When we want to become like Jesus, we cannot expect always to be liked and admired. We have to be prepared to be rejected” (Henri Nouwen).

I seem to remember that Jesus said something like woe to you when all people speak well of you. If you’re doing the right thing the right way, you’re going to rub some people the wrong way, regardless.

It’s better to stand alone in your convictions and remain true to what you believe than to compromise away your beliefs for the sake of conformity and tolerance.

 

More About Laments

I have a random mind. I have all sorts of songs playing in my head all the time that seem to almost come out of nowhere. Also, I don’t know why certain topics come up in my head at random times, but today, the theme that popped up out of nowhere was that of laments as a form of praise.

I took a class in early spring about Laments. Basically, a lament is a form of gut-level honesty that most of us are afraid to express. It’s along the line of the Psalms where David wonders where God is in the midst of his suffering and why evil men seem to prosper and live long lives while the righteous lives are short and full of woe.

I think my takeaway from that class is that a lament is not only a viable form of worship but also a necessary one. It’s good to vent. It’s good to give voice to anger over injustice and wrong and take it to God, knowing that He will be the one to repay the wrongdoing.

I’ve figured out in my own life that I can take my frustrations, complaints, and doubts to God. He already knows my deepest thoughts in spite of my dressed up prayers that say what I think He wants to hear instead of what’s on my heart.

A good place to start to discover the lost art of the lament is the Psalms and Job. Oh, and there’s a little book called Lamentations. I’d also check that one out, too.

Above all, God desires honesty and transparency above praying the “right” words in order to sound more spiritual. In the words of the old MTV reality series, maybe it’s time to stop being polite with God and start getting real.

Memorial Day Thoughts

“Jesus comes into the prison of our fears and regrets and guilt and shame and sadness and says ‘I love you no matter what.’ You are free” (Tullian Tchividjian).

It’s nice to have a three-day weekend periodically. Having Monday off is just about always a plus, although that generally means that the following Tuesday will be like a regular Monday on steroids.

Still, that extra day to sleep in is nice.

Better still is remembering why we celebrate Memorial Day.

It’s not National BBQ Day. It’s not Take Your Boat to the Lake Day. While all these activities are fun and great, they aren’t the reason for this special day.

On this last Monday in May, we remember all those who made the ultimate sacrifice for the freedoms we enjoy. We say to those who fell in combat, “What you did was not in vain.”

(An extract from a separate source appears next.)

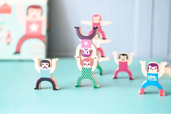 Bauen Sie Ihren eigenen Akrobaten-Turm und testen Sie Geschicklichkeit und Fantasie. Die bunten Holzfiguren lassen sich zu vielen stabilen wie auch wagemutigen Positionen stapeln – ideal für gemeinsames Spielen und das Erlernen von Balance.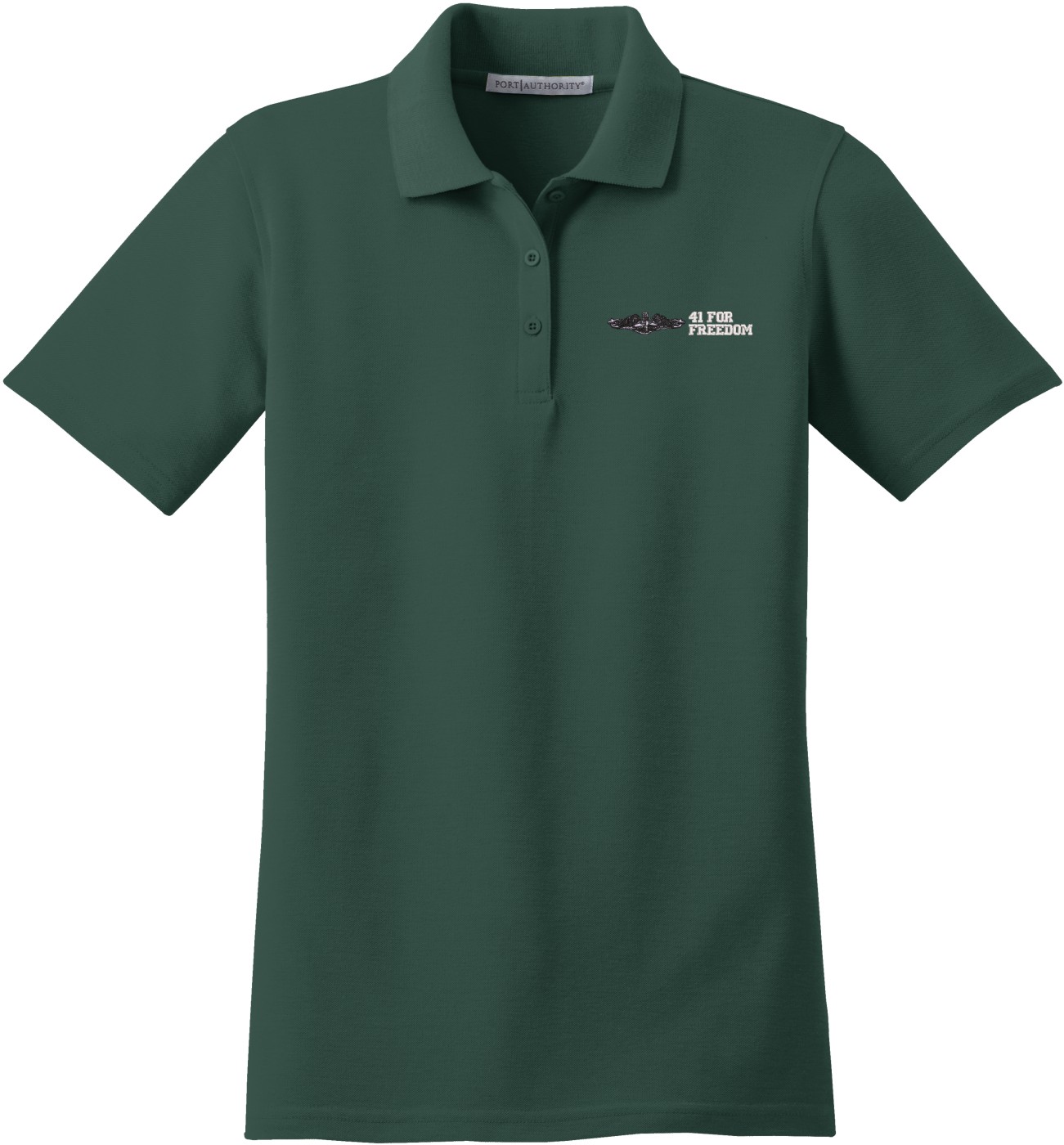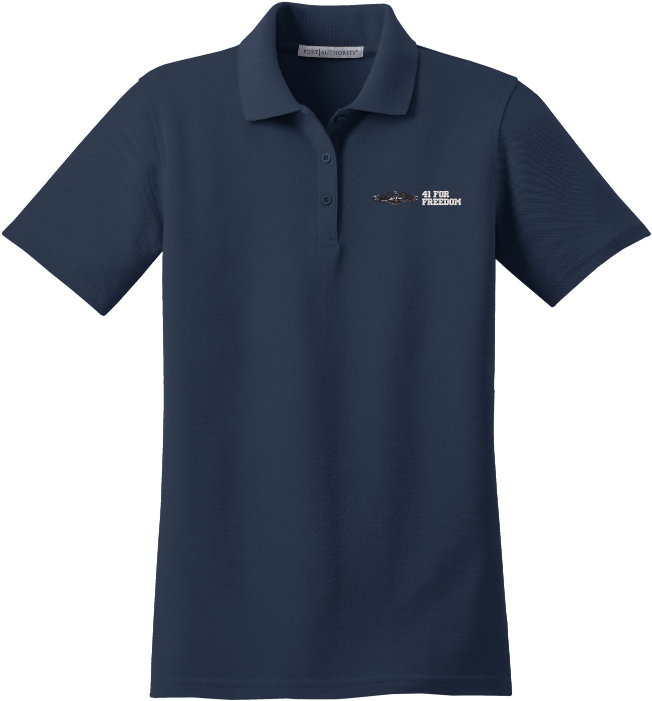MilitaryBest is proud to offer this U.S. Navy Enlisted Silver Dolphins 41 For Freedom Women's Stain-Release Polo. This polo is embroidered by our MilitaryBest team in Northeast Alabama. These polos are made with a stain-release finish for long-lasting wear, odor-fighting properties, and superior wrinkle and shrink resistance.Care Instructions: Machine Wash Cold With Like Colors. Do Not Use Fabric Softener. Do Not Bleach. Tumble Dry Low. Warm Iron If Necessary.

We also remember as believers that Jesus paid the ultimate price so that we could be free. Not just from hell, but from our own prison of shame, guilt, regret, and fear.

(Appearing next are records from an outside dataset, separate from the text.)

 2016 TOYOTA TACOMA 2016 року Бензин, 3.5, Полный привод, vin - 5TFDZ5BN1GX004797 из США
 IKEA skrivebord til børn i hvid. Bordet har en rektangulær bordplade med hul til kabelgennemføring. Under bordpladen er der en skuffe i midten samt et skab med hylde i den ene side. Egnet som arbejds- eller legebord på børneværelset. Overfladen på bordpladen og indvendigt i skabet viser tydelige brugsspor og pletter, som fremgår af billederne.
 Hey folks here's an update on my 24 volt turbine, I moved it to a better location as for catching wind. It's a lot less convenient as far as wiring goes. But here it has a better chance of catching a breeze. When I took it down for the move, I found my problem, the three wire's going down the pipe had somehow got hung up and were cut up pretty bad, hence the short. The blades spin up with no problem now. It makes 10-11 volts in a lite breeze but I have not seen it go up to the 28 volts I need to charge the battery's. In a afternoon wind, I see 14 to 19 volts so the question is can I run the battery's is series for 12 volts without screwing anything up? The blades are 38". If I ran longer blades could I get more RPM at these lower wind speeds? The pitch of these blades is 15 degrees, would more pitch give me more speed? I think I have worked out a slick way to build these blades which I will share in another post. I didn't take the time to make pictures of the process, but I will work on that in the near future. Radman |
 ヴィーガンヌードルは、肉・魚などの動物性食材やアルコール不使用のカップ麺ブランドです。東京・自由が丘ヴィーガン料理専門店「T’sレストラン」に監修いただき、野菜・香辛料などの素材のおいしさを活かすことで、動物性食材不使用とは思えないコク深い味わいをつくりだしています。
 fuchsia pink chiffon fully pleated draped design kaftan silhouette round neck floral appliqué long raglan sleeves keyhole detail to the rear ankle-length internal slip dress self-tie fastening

We’re saved not just for a heaven down the road but for a full and abundant life here and now. We get to know and experience all of God’s love here and now.

We’re saved because Jesus chose the way of suffering out of a great love for us. Not because He had to but because He’d rather go through hell for us so that we could know heaven with Him.

I hope your Memorial Day was memorable. I hope you spent quality time with family and friends. I even hope you got lots of good food.

Most of all, I hope you and I never forget that our freedoms, whether national or spiritual, are never free. They always come with a cost.

Let’s be thankful to all who paid that cost.